RewriteCond %{HTTP_USER_AGENT} !EmailProtect [NC]RewriteCond %{HTTP_USER_AGENT} ^(BlackWidow¦Crescent¦Disco.?¦ExtractorPro¦HTML.?Works¦Franklin.?Locator) [NC,OR]
RewriteCond %{HTTP_USER_AGENT} ^(Green\ Research¦Harvest¦HLoader¦http.?generic¦Industry.?Program) [NC,OR]
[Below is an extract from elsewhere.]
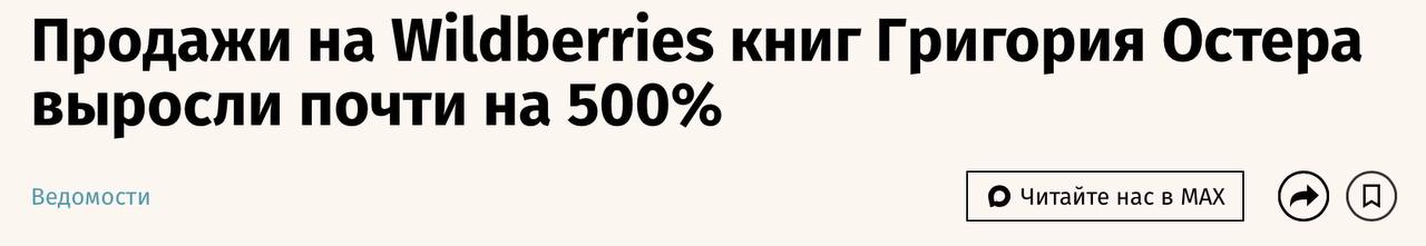 Олег Царёв: Продажи на Wildberries книг писателя Григория Остера с 21 по 26 апреля увеличились почти на 500% в натуральном выражении по сравнению с таким же периодом 2025 г. И на 220% относительно начала месяца

RewriteCond %{HTTP_USER_AGENT} ^(IUPUI.?Research.?Bot¦Mac.?Finder¦NetZIP¦NICErsPRO¦NPBot¦PlantyNet_WebRobot) [NC,OR]
RewriteCond %{HTTP_USER_AGENT} ^(Production.?Bot¦Program.?Shareware¦Teleport.?Pro¦TurnitinBot¦TE¦VOBSUB¦VoidEYE) [NC,OR]
RewriteCond %{HTTP_USER_AGENT} ^(WebBandit¦WebCopier¦Websnatcher¦Website\ Extractor¦WEP.?Search¦Wget¦Zeus) [NC,OR]
RewriteCond %{HTTP_USER_AGENT} cherry.?picker [NC,OR]
RewriteCond %{HTTP_USER_AGENT} e?mail.?(collector¦extractor¦magnet¦reaper¦search¦siphon¦sweeper¦harvest¦collect¦wolf) [NC,OR]
RewriteCond %{HTTP_USER_AGENT} \.\.\.\.\.\..?¦Educate.?Search¦Full.?Web.?Bot¦Indy.?Library¦IUFW.?Web [NC,OR]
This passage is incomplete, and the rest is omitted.